> _Entries provided_:
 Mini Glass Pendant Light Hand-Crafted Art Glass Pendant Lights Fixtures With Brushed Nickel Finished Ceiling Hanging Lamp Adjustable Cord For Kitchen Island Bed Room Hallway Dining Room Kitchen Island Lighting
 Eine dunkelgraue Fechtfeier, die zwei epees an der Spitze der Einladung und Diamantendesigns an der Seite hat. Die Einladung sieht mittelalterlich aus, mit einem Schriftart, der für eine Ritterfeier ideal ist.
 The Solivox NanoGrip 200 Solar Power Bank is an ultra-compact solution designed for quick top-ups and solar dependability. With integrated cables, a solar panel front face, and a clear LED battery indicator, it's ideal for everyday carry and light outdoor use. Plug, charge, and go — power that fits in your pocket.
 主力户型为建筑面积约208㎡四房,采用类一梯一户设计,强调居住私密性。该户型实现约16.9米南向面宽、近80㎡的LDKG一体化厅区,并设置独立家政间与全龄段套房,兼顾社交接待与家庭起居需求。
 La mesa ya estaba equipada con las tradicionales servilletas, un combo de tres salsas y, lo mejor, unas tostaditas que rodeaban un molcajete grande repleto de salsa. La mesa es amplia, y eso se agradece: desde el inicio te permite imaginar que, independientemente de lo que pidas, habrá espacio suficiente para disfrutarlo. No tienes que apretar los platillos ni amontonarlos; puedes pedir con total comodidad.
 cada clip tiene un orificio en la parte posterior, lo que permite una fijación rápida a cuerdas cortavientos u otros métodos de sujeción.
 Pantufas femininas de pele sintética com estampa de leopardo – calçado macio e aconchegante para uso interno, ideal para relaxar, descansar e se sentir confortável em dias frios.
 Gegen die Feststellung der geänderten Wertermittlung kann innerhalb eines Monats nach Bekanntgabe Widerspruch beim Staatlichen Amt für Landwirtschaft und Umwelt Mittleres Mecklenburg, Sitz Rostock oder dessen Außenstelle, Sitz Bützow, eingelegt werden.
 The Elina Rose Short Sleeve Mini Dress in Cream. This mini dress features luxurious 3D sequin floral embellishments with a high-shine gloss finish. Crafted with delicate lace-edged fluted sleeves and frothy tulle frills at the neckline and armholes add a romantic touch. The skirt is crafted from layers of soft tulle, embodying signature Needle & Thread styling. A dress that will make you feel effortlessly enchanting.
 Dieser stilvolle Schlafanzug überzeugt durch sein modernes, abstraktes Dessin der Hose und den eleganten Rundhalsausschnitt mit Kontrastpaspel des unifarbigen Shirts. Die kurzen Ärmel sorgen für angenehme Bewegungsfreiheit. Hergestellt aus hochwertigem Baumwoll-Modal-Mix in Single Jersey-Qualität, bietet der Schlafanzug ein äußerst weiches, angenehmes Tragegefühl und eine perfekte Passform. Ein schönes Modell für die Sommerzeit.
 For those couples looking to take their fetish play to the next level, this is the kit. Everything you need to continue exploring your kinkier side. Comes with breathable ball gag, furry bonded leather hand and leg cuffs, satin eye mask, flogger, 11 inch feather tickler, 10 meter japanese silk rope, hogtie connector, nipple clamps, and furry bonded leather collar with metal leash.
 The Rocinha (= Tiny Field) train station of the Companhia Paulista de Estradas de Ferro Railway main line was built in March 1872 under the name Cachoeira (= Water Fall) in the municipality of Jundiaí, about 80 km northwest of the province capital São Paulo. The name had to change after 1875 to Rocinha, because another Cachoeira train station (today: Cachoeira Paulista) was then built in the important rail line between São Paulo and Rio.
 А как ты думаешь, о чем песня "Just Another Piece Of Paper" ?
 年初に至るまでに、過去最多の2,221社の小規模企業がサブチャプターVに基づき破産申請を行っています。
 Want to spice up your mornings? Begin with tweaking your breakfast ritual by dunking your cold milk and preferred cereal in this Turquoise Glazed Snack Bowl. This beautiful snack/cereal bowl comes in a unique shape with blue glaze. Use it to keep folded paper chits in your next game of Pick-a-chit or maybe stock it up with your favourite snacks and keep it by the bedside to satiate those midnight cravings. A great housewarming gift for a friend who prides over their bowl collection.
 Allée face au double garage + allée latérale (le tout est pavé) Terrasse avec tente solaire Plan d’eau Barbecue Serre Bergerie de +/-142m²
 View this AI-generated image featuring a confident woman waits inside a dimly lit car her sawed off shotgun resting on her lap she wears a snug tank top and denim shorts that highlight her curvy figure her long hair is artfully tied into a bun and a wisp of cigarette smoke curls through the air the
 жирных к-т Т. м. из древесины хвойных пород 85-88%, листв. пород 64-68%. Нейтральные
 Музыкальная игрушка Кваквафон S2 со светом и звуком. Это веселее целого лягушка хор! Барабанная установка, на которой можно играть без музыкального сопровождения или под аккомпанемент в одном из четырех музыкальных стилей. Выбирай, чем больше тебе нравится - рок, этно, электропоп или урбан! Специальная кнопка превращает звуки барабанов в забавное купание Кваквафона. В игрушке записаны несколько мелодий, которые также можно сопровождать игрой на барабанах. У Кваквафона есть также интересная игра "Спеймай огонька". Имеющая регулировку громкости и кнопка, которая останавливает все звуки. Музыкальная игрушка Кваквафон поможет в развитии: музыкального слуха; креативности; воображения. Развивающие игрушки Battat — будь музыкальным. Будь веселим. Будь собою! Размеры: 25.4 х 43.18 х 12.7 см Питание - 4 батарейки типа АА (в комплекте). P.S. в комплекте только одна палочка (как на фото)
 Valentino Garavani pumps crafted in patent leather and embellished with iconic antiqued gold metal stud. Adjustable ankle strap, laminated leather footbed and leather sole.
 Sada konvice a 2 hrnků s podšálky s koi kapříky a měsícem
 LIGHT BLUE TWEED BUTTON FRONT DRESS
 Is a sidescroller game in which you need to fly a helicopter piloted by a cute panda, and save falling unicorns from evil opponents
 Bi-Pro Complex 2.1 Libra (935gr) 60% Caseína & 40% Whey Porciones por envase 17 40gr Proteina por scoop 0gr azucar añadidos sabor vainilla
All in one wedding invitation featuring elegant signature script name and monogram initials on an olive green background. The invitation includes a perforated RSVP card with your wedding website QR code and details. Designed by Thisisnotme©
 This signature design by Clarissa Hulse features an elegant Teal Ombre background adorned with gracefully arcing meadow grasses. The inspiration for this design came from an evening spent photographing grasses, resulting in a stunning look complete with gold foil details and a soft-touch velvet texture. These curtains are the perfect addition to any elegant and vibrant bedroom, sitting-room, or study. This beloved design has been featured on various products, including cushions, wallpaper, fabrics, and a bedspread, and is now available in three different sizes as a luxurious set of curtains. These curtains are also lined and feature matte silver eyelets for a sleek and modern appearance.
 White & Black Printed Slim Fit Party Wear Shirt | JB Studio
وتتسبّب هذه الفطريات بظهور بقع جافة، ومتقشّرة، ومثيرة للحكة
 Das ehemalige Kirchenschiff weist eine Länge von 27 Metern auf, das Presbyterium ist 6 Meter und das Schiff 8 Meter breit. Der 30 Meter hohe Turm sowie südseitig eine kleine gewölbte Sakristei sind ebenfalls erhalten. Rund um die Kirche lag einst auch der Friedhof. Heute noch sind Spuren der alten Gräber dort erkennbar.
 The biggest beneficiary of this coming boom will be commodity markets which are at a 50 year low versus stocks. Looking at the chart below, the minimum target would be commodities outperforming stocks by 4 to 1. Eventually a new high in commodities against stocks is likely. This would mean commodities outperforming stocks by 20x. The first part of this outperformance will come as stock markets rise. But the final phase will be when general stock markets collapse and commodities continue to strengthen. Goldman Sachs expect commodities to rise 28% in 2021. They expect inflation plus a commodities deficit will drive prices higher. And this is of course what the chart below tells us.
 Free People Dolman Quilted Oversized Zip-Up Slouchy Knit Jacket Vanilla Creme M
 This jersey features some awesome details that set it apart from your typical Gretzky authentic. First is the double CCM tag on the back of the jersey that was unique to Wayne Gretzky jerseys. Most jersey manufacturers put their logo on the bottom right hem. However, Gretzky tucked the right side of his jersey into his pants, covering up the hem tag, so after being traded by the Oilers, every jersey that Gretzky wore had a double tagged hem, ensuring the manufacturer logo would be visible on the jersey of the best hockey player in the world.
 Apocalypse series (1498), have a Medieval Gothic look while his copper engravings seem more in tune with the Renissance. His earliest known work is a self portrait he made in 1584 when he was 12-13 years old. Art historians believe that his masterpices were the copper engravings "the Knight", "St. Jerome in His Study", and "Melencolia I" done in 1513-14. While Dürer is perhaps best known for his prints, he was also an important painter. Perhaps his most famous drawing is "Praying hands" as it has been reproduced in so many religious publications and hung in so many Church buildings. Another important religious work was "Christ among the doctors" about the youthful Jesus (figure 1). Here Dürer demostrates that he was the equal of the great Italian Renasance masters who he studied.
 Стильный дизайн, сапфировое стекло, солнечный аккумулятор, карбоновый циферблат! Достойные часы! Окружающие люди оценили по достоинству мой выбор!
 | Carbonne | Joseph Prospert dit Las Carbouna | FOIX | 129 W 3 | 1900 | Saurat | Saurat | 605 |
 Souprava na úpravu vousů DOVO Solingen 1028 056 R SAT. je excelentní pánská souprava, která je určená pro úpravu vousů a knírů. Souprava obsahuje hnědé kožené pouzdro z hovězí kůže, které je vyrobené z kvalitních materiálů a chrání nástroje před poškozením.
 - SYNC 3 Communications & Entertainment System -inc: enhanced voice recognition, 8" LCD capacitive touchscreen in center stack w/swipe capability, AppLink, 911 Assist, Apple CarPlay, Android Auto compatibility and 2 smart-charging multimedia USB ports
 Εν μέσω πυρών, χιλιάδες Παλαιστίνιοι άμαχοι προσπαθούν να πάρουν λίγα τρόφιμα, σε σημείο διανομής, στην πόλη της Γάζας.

> _What needs to be done_: If a line above holds the word "great", count it; then say how many such lines there are and nothing else.

> _The answer_: 2